The man whose dream became a nightmare is a far more famed Californian— nimble, thimble-sized John Downey Harvey, son of Society Leader Eleanor Martin and San Francisco’s chief dandy in the early 1900s. Like Dr. Roberts, he in his day cast his eyes shoreward, conceived a passenger railroad to link San Francisco and Santa Cruz, 80 mi. south. Downey Harvey incorporated Ocean Shore R. R. in 1905. Big sums were subscribed by prominent San Franciscans and construction soon began at both ends under great engineering difficulties. Then came the 1906 earthquake. Most of the subscribed money was never put up, real estate operators grabbed land. By 1909 at least $7,500,000 had been sunk in the project, and the management was broke. Out forever stepped little Downey Harvey. Trains ran at each end for years, but in 1920 Ocean Shore was officially abandoned, its tracks torn up.

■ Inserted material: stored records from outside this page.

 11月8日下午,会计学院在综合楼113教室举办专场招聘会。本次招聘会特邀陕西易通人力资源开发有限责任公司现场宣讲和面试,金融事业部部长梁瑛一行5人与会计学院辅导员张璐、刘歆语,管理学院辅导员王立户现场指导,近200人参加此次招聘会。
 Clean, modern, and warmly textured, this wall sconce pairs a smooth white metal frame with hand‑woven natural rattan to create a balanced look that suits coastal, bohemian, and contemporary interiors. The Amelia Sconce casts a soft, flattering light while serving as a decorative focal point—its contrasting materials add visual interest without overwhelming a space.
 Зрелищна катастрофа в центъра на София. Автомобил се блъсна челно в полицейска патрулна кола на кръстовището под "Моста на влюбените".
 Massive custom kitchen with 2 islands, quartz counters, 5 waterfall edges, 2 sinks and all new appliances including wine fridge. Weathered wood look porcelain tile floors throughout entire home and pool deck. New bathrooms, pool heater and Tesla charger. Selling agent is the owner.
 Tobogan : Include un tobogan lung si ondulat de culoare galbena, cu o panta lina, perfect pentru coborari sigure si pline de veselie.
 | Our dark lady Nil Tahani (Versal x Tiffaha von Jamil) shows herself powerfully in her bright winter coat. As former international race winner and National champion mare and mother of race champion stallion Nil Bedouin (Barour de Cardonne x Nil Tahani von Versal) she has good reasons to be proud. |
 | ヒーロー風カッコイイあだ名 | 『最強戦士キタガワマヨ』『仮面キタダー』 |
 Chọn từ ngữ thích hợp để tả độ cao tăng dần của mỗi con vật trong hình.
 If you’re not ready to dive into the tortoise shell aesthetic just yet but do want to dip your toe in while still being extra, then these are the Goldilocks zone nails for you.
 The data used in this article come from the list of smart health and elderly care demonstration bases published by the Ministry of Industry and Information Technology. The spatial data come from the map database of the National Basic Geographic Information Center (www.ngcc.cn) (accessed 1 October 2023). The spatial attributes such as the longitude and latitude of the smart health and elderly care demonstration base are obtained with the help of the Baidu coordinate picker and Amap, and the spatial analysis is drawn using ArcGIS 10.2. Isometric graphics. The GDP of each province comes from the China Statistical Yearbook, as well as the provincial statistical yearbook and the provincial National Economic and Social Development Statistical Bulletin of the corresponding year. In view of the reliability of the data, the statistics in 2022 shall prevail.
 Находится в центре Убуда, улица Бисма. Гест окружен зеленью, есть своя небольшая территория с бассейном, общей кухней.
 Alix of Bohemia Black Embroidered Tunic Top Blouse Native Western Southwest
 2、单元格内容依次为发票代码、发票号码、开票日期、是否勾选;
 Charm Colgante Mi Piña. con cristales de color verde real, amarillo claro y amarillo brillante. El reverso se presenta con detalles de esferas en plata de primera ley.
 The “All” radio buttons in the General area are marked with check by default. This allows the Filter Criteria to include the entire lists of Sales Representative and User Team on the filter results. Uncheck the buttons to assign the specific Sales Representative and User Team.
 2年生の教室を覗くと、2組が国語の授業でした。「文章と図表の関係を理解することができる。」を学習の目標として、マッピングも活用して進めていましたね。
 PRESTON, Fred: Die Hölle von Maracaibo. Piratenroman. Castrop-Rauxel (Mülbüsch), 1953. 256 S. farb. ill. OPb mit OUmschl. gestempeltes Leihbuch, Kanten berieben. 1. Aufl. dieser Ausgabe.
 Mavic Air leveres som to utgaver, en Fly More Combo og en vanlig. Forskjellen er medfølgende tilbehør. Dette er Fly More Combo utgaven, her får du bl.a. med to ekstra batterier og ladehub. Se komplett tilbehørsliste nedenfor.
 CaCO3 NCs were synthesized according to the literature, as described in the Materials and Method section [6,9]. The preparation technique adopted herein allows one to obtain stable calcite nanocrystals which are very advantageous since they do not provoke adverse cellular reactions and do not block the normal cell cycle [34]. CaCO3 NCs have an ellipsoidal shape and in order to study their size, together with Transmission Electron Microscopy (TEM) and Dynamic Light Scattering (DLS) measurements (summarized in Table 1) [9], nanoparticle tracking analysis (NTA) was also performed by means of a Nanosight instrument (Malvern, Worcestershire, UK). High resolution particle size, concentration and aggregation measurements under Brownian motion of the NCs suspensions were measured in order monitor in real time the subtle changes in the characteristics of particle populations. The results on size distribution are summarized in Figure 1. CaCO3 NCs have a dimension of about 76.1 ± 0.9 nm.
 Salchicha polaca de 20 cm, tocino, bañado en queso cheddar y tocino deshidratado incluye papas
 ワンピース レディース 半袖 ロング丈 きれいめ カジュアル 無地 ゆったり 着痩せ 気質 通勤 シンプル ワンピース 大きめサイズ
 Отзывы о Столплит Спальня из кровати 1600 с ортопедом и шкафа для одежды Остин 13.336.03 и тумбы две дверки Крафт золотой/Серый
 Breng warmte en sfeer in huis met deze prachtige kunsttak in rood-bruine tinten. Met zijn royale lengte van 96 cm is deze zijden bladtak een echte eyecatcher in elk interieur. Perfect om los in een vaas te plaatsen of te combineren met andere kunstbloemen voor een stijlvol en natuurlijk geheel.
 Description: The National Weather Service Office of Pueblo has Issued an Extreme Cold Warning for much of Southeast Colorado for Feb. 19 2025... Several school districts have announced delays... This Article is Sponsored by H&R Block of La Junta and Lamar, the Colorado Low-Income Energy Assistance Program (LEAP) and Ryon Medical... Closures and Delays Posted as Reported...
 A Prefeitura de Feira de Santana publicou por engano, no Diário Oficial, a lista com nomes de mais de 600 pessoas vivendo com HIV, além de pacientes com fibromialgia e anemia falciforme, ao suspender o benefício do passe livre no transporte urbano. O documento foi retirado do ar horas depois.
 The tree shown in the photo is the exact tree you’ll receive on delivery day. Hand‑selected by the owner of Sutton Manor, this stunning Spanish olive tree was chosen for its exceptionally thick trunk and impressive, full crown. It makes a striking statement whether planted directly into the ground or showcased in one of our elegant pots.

Two years later two San Francisco capitalists, Selah Chamberlain and Harry W. Cole, decided to salvage the wreck. Legal squabbles beset the reclamation at once, the biggest coming when the State Highway District claimed the right-of-way to link it into the Carmel-San Simeon Highway. Civic clubs, chambers of commerce and the like have joined forces with the State to wrest the road from Ocean Shore R.R. Last week the battle still raged in court. Meanwhile, Downey Harvey, hav-ing lost $5,000,000 and been forced into bankruptcy, never entered business again. Convicted of fraud in 1913 for transferring $100,000 in stock to his wife before bankruptcy, Downey Harvey was cleared by the U. S. Supreme Court in 1916, has lived ever since on San Francisco’s Russian Hill in complete quiet and extreme popularity among San Franciscans with big hearts and long memories. Still spry at 78, despite unique infirmities, he snapped last week when asked if he had any “interest” in the current Ocean Shore revival: “I’ve lost enough in it already.”